Beyond Integrated Information Theory
A bold theory has seized the scientific community. Despite being tragically incorrect — and receiving over a decade of considerate evaluation — it won’t go away. While IIT badly misses its target, it leaves us with lessons that are vital to moving the discussion of consciousness forward.
Called Integrated Information Theory (IIT), this framework aims to explain consciousness in physical terms. IIT is in a competition to become the established scientific view of the phenomenon. Boldly, IIT claims to measure that ineffable thing called consciousness with a single number, 𝚽. If their theory is true, your dimensions not only include height and weight, but also your consciousness value.
IIT does not actually fit any data and is made of opaque, custom math. This makes IIT difficult to refute. You can’t point to contradictory evidence because the theory cannot, in practice, be falsified (applying it to human consciousness is impossible). Few can argue against the math because, along with being rather advanced, IIT uses many custom constructs.
IIT also lingers because of several strengths of the theory, which are not inconsequential.
This leaves the world in a weird place, a spot that bothers me. I encountered IIT in my research on machine consciousness but never took it seriously. Chatting with elite neuroscientists about my project, they kept asking me about IIT. What did I think of it? Whenever I turned the question around, I got a curious answer: “I don’t quite get the math”. How can we, as a community, make sense of the evolving scientific landscape around consciousness if we can’t accurately place IIT? Is IIT complex out of necessity, or as a survival mechanism? (to stop ordinary, non-IIT-obsessed neuroscientists from swatting it down)
I took the time to dive into every nook and cranny of the IIT formulation. My initial goal, to create an explanatory IIT resource, changed as I realized the payoff was not worth the effort for most readers. Even a streamlined explanation would take hours to read, and require no shortage of mental effort. When I realized the greatness of these depths, along with several grave errors in the theory’s construction, I switched tactics.

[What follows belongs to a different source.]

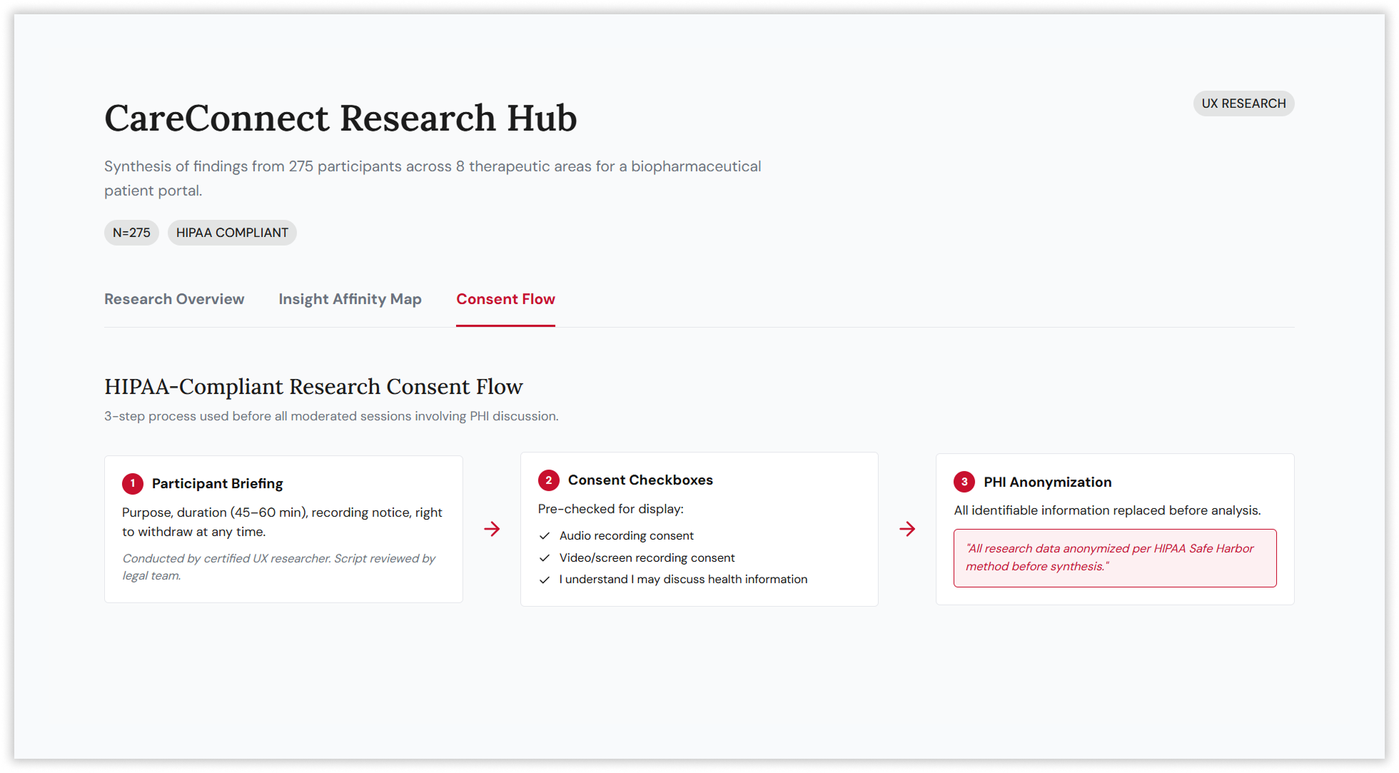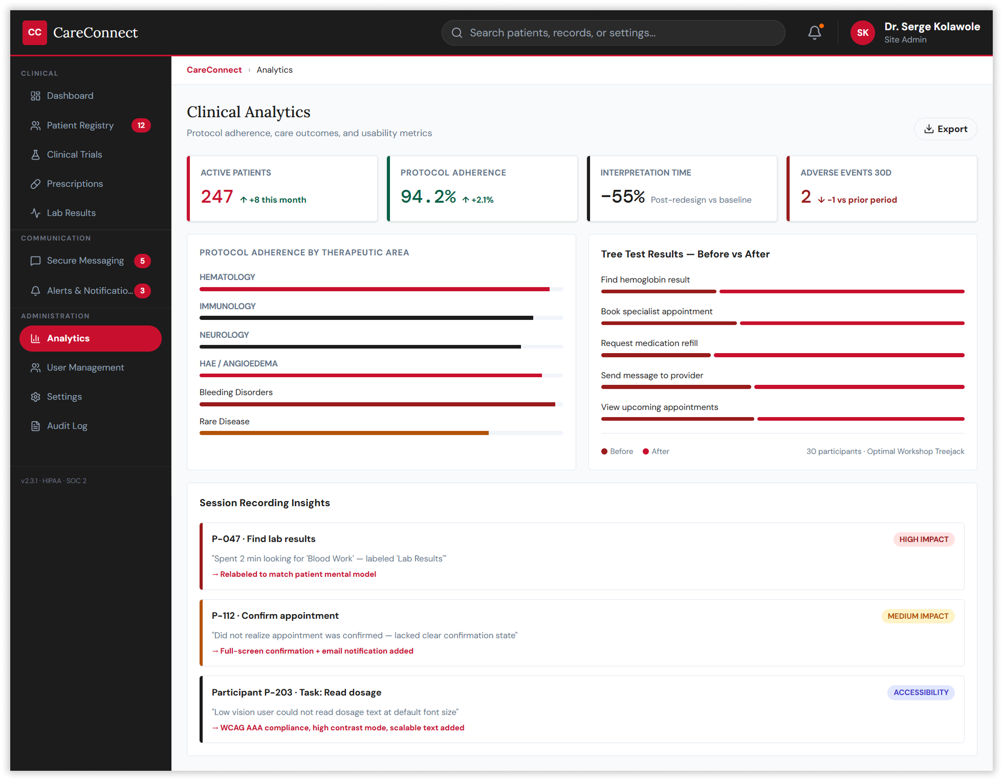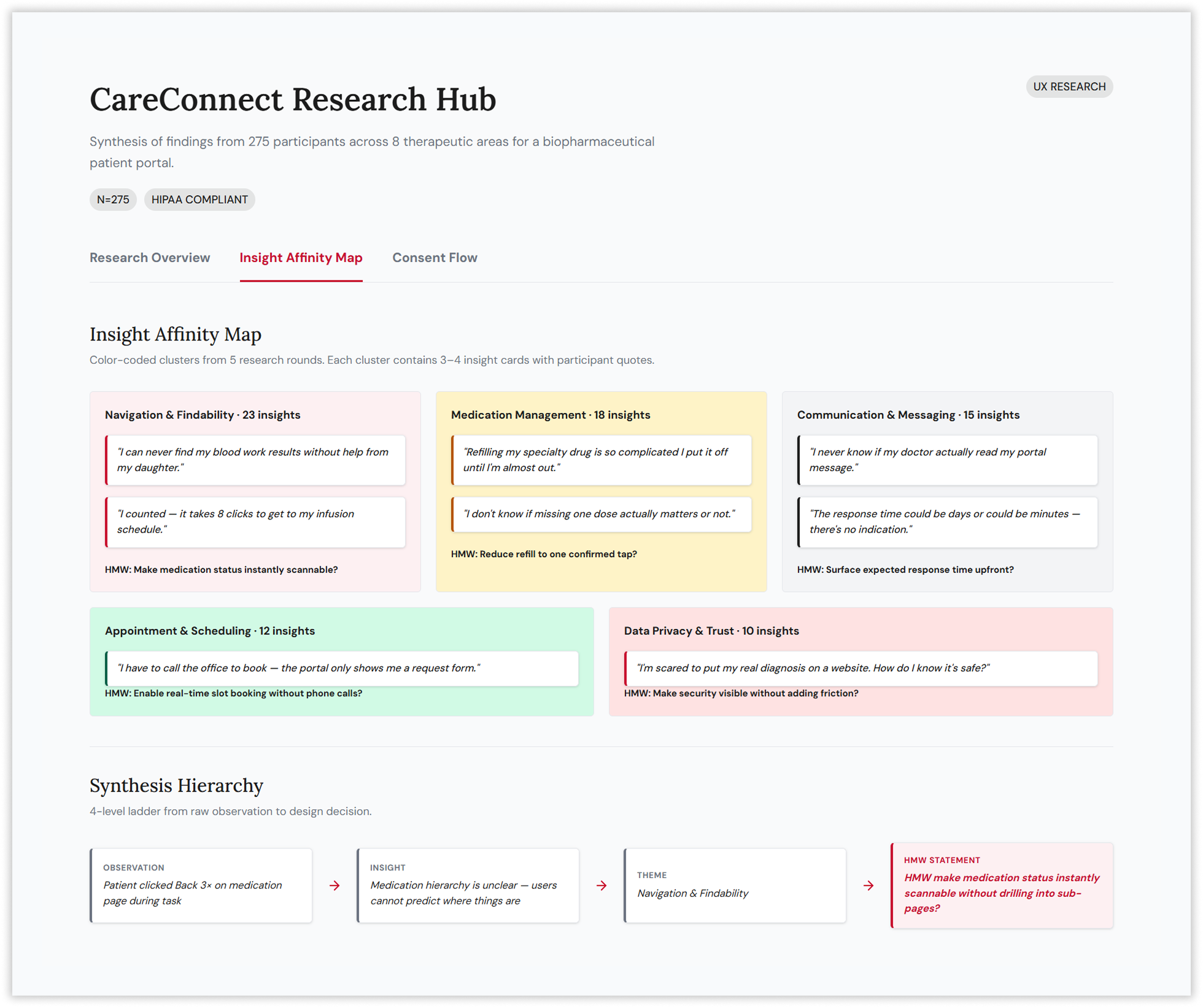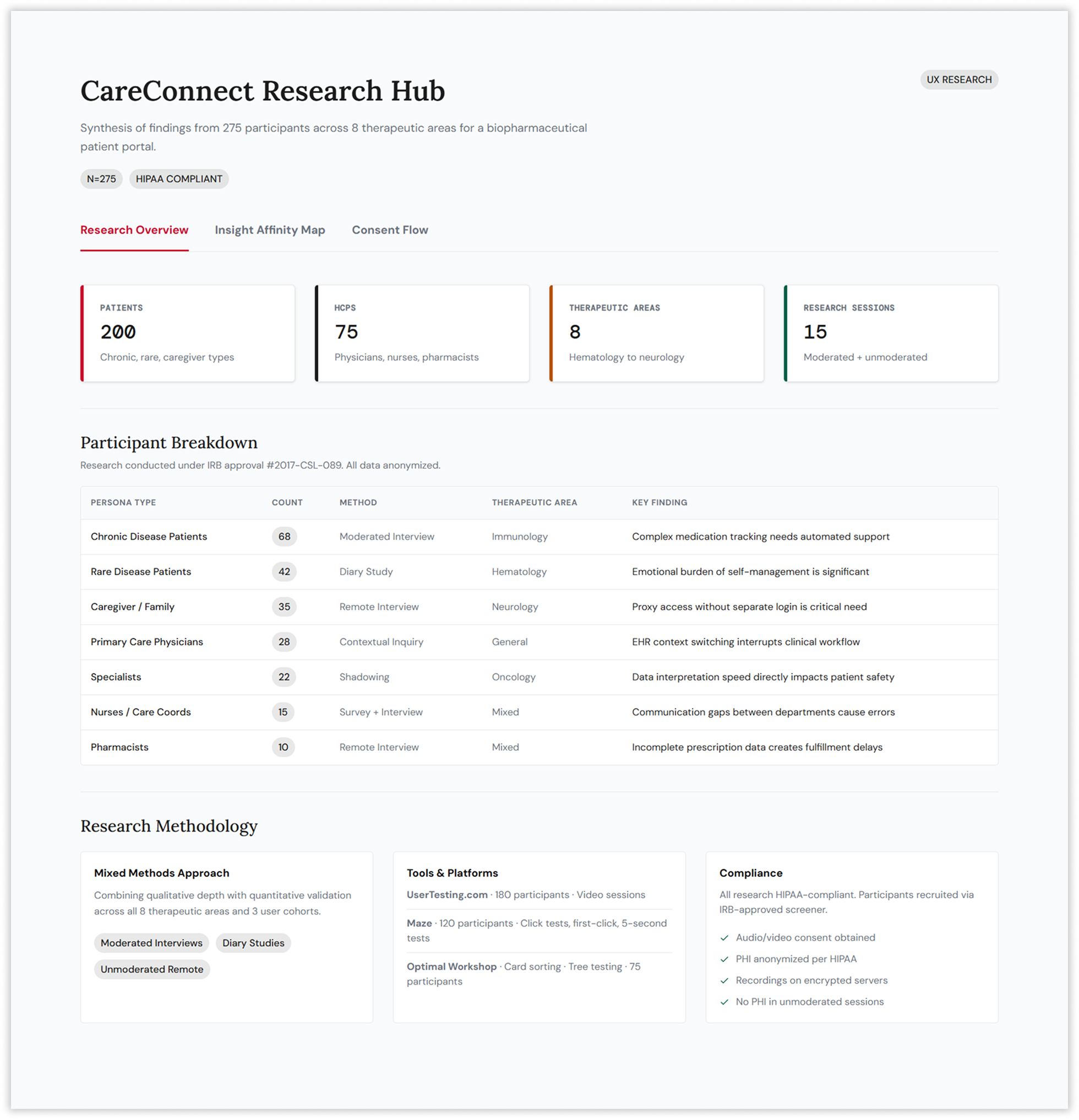 The strategy began with a comprehensive research programme spanning 200 patients and 75 healthcare professionals across eight therapeutic areas. Conducted under IRB approval and HIPAA Safe Harbor compliance, the research combined moderated interviews, diary studies, contextual inquiry, and remote unmoderated sessions to map the full landscape of user needs. Participants included chronic disease patients, rare disease patients, caregivers managing proxy access, primary care physicians frustrated by duplicate data entry, specialists demanding faster clinical data access, and research coordinators needing bulk export tools for 40-patient trial cohorts.

Instead I’ll lay bare for you several flaws I see in the theory, constructively framed as “Lessons” to be learned for the next round of work. I’ll also document the terrific contributions IIT has made towards unravelling consciousness (“Foundations” for future study). You need to make up your own mind about IIT, I hope this article furthers those ends. For those who will dive deeper by reading the IIT paper and muscling through the math, I hope my tips speed your journey.
Lesson #1: Don’t Stray From Evidence
Models with predictive power are the essence of science. When we look at Newton’s F=ma, it does something very basic but quite reliable: force can be predicted accurately from mass and acceleration. Newton used observations to both generate his famous equations, and also to prove them correct. While IIT is inspired by evidence, its equations do not actually fit any observational data.
IIT’s equivalent of Newton’s F is the consciousness value 𝚽. Yet 𝚽 has never been measured for an actual brain. Such a feat can’t be accomplished today, and may never be possible. For starters, calculating 𝚽 requires measuring the internal state of every neuron in the brain at once. We are far from measuring the brain at that resolution, and that is just the first obstacle. A single measurement would not suffice, we would need to take a range of measurements over time to build a model with the requisite ability to predict the state of each neighboring neuron quite accurately. How would we get these probabilities? 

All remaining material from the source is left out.